It is thus illegal to zip up the coast at a low altitude, but why? To protect Barbara Bush, the former First Lady? She died in 2018 as well. Because George W. Bush occasionally goes up there? (But then why would it be necessary to “check NOTAMs daily for expansion”? Does a big TFR follow an ex-President?) Because the U.S. government is good at prohibiting things, but has no mechanism for de-prohibiting?
One of the pilots behind the most impressive recent demonstration of airmanship in the airline world gives us an interesting window into the life of a U.S. Navy pilot in her book Nerves of Steel.
Captain Tammie had a rural childhood with an intact two-parent home, but not much money. The situation was made more challenging by a sister’s cerebral palsy. The reward for doing well in 4th grade was a .22 rifle.
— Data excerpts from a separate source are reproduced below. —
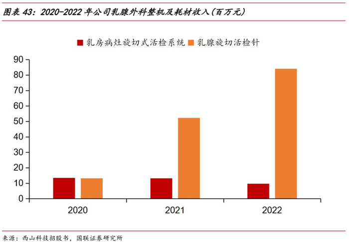 2020年下半年,公司推出乳房病灶旋切式活检系统,推出后迅速获得市场认可,2021年乳房病灶旋切式活检系统中标情况位居国内第三,国产首位,随着乳腺外科整机持续销售,耗材收入快速增长,2022年收入达到8408.60万元,2020-2022年复合增长率达到151.64%。公司新建乳腺外科产品车间,为订单的及时供应提供保障。
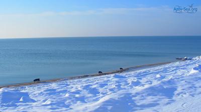 22 Марта 2018. Ночью выпал снег. 3 собаки бегают по пляжу. Кирилловка. Вебкамера на Азовском море. #stepanovka-webcam-2018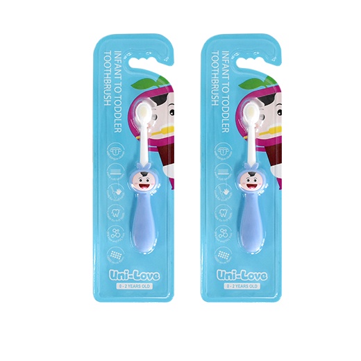 Uni-Love Infant to Toddler Toothbrush (0-2 Years Old) BLUE Pack of 2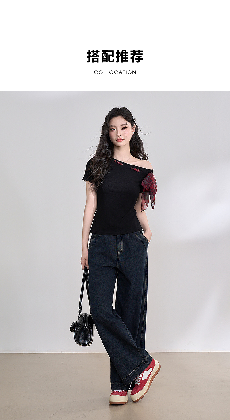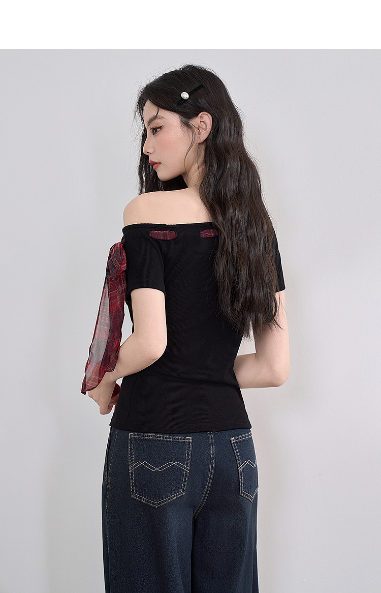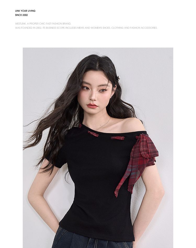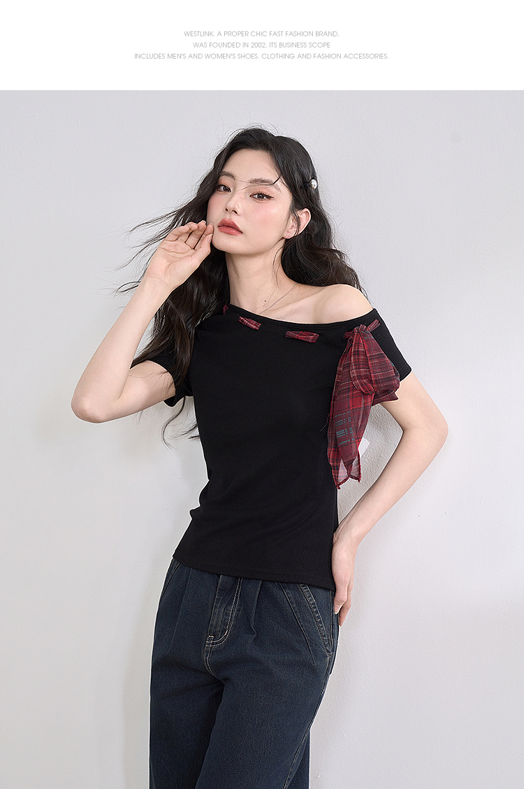 美式复古性感辣妹斜肩设计感格纹绑带T恤女收腰上衣V0050632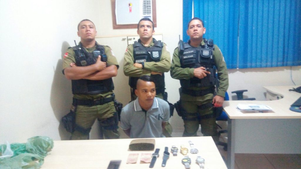 Com ele foi apreendido quase um quilo de maconha, além de relógios, um pequeno valor em dinheiro e um aparelho celular. Ele alega que o celular é de sua propriedade e que teria a nota fiscal do aparelho.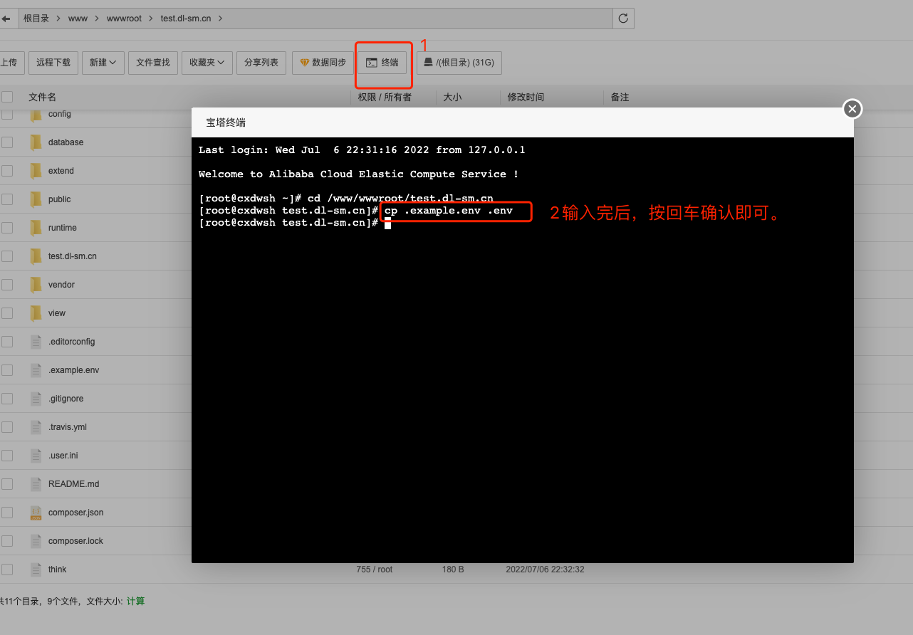 1.在云服务器的控制台中或本地服务器,打开终端(SSH),输入下面内容开始安装

She started in the Navy in 1985, more than 10 years after the first Naval aviator identifying as “female” (Barbara Allen Rainey, killed in an apparent stall/spin accident in a primary trainer) but at a time when Navy officers identifying as “women” were an often-unwelcome rarity. On the theory that “tax dollars are free,” primary training is not done at 10 gallons/hour in a piston-engine plane, but in a jet-powered two-seat aerobatic Bonanza:
Training started quickly with a few weeks of ground school—navigation, aerodynamics, and meteorology. We would be flying the Beechcraft T-34C Turbo Mentor, so we studied the aircraft’s systems—hydraulics, fuel, electrical, and flight controls. All of this came before we ever set foot on the flight line. My primary instructor, called an on-wing, was Captain Coston, a Marine Corps C-130 Hercules pilot and a perfect gentleman. Never once did he show a hint of dismay that he’d been assigned “the Navy girl.” Initially he was one of few people in my flight who actually spoke to me. When the time came, Captain Coston took me out under the blazing Texas sun and introduced me to the T-34. Compared to the Cessna 172 I had flown for a few hours back in New Mexico, the T-34 was a hot rod, a tandem-seat turbo prop with 550 horsepower.
Step up to turbojet:
From Corpus Christi the Navy sent me to VT-26, an Intermediate Jet Training squadron at NAS Beeville, Texas (also called Chase Field), to learn how to fly the mighty T-2 Buckeye. The T-2 was never considered the sleekest jet in the military’s lineup. The plump-bodied Buckeye had straight wings with tip tanks and dual engines along the belly of the fuselage. Due to its shape, it was affectionately referred to as the Guppy. But the T-2 had its virtues, one of which was it was built like a tank, just perfect for taking the pounding of aircraft-carrier landings.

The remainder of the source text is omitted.